Verse 60. - Found none. Repeated twice (according to the Received Text), showing the earnestness of the pursuit and the absolute failure of the attempt. What was offered was insufficient for the purpose, or inconsistent (Mark 14:56). The second "found none" is thought by many modern editors to be not genuine, and is accordingly expunged. It does not occur in the Vulgate. At the last came two false witnesses. When the case seemed hopeless and on the point of breaking down, some of the Sanhedrists' own creatures came forward with a distorted account of Christ's words spoken long before. They brought no accusation founded on any of his late utterances in the temple, or when he was charged with blasphemy and threatened with stoning (John 10:33); they remembered keenly how he had discomfited them on such occasions, and they feared to elicit one of his crushing replies or unanswerable questions. They were glad to fall back upon something else, which especially concerned Annas and Caiaphas, and their gainful trading in the sacred courts (see the next note).

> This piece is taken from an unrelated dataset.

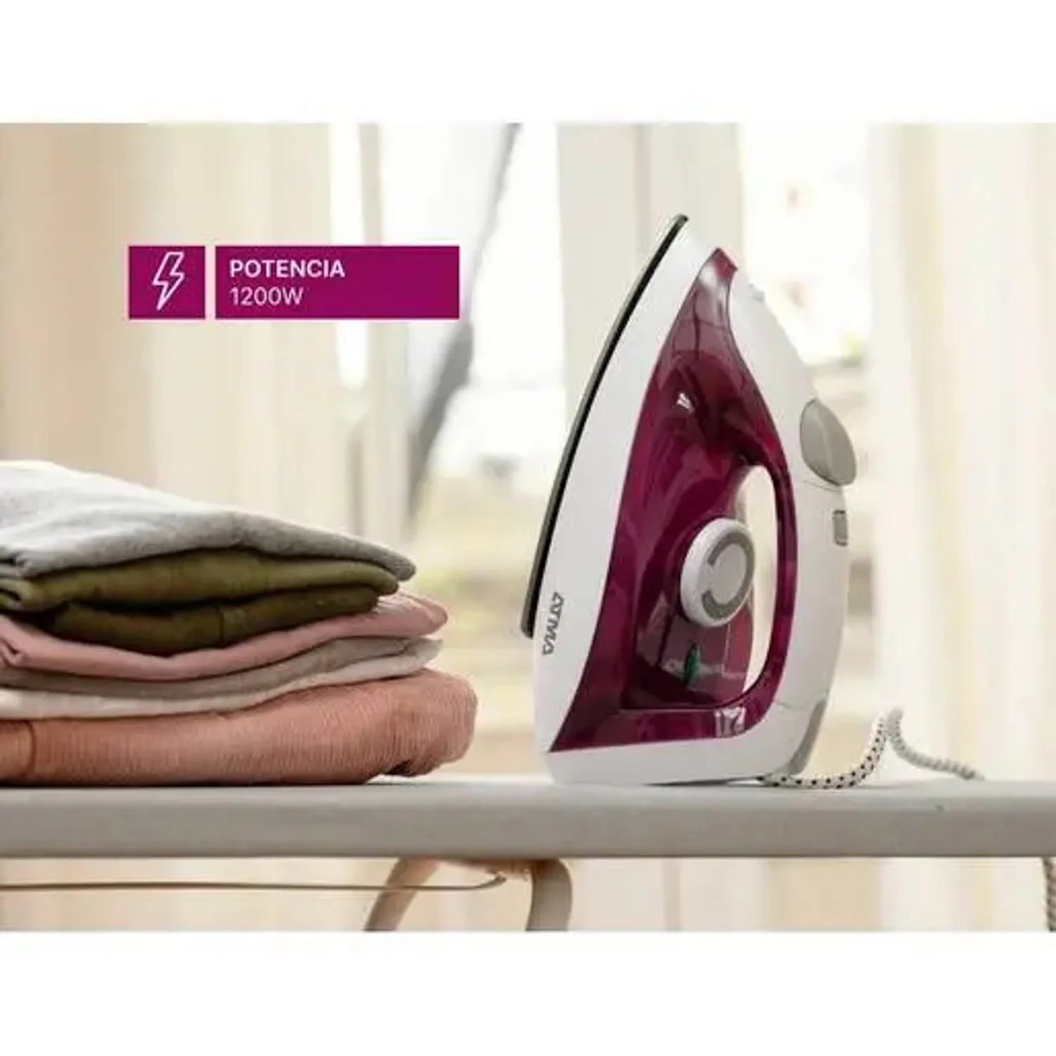 Esta plancha seca Atma cuenta con una base antiadherente que facilita el deslizamiento sobre las prendas, y un control de temperatura para adaptarse a diferentes tipos de tejidos. Con una potencia de 1200 W y un voltaje de 220 V, asegura un planchado eficiente y rápido. Además, su diseño incluye un indicador de encendido para mayor seguridad.

Gill's Exposition of the Entire Bible
But found none,.... That were fit for their purpose,
yea, though many false witnesses came, yet found they none; whose testimonies were sufficient to put him to death, which was what they were resolved upon, or whose witness were not alike and agreed; for according to their law, a man must not die by the mouth of one witness only, but by the mouth of two or three witnesses agreed in a point; and though they might be willing enough to dispense with the law in this case, yet might have some regard to their own character and reputation; and especially as they meant to deliver him to the Roman governor, in order to be condemned by him; they knew they must have a charge, and this supported with a proper evidence, or they could not hope to succeed; for which reason, they could not put up, as they otherwise willingly would, with any sort of witnesses:
at the last came two false witnesses; who were agreed in a point, and whose testimonies were alike; at least, had a greater appearance of truth and agreement than the rest; though Mark says, "neither so did their witnesses agree together", Mark 14:59, as to prove the point, for which it was given.